Purpose: Ocular tissues of mice have been studied in many ways using replication deficient species C type 5 adenoviruses (Ad5) as tools for manipulating gene expression. While refinements to injection protocols and tropism have led to several advances in targeting cells of interest, there remains a relative lack of information concerning how Ad5 may influence other ocular cell types capable of confounding experimental interpretation. Here, a slit-lamp is used to thoroughly photodocument the sequalae of intraocular Ad5 injections over time in mice, with attention to potentially confounding indices of inflammation.
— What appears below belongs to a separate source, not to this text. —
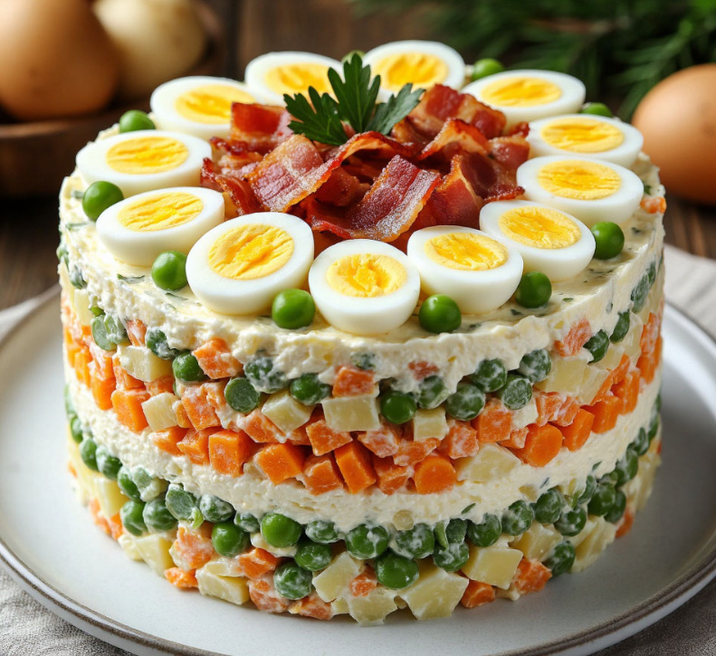 Подавайте оливье в прозрачной посуде, чтобы была видна игра цветов: золотистый картофель, оранжевая морковь, зелёный горошек, белоснежные яйца и янтарные огурцы. Украсьте веточками петрушки или фигурными ломтиками моркови — это добавит праздничности без лишних усилий.

Methods: A cohort of C57BL/6J mice were randomly split into 3 groups (Virus, receiving unilateral intraocular injection with 5x107 pfu of a cargo-less Ad5 construct; Saline, receiving unilateral balanced salt solution injection; and Naïve, receiving no injections). A total of 52 eyes from 26 mice were photodocumented via slit-lamp at 4 timepoints (baseline, 1, 3, and 10 weeks following initiation of the experiment) by an observer masked to treatments and other parameters of the experimental design. Following the last in vivo exam, tissues were collected. Based on the slit-lamp data, tissues were studied via immunostaining with the macrophage marker F4/80.
Results: The masked investigator was able to use the sequential images from each mouse to assign each mouse into its correct treatment group with near perfect fidelity. Virus injected eyes were characterized by corneal damage indicative of intraocular injection and a prolonged mobilization of clump cells on the surface of the iris. Saline injected eyes had only transient corneal opacities indicative of intraocular injections, and Naïve eyes remained normal. Immunostaining with F4/80 was consistent with ascribing the clump cells visualized via slit-lamp imaging as a type of macrophage.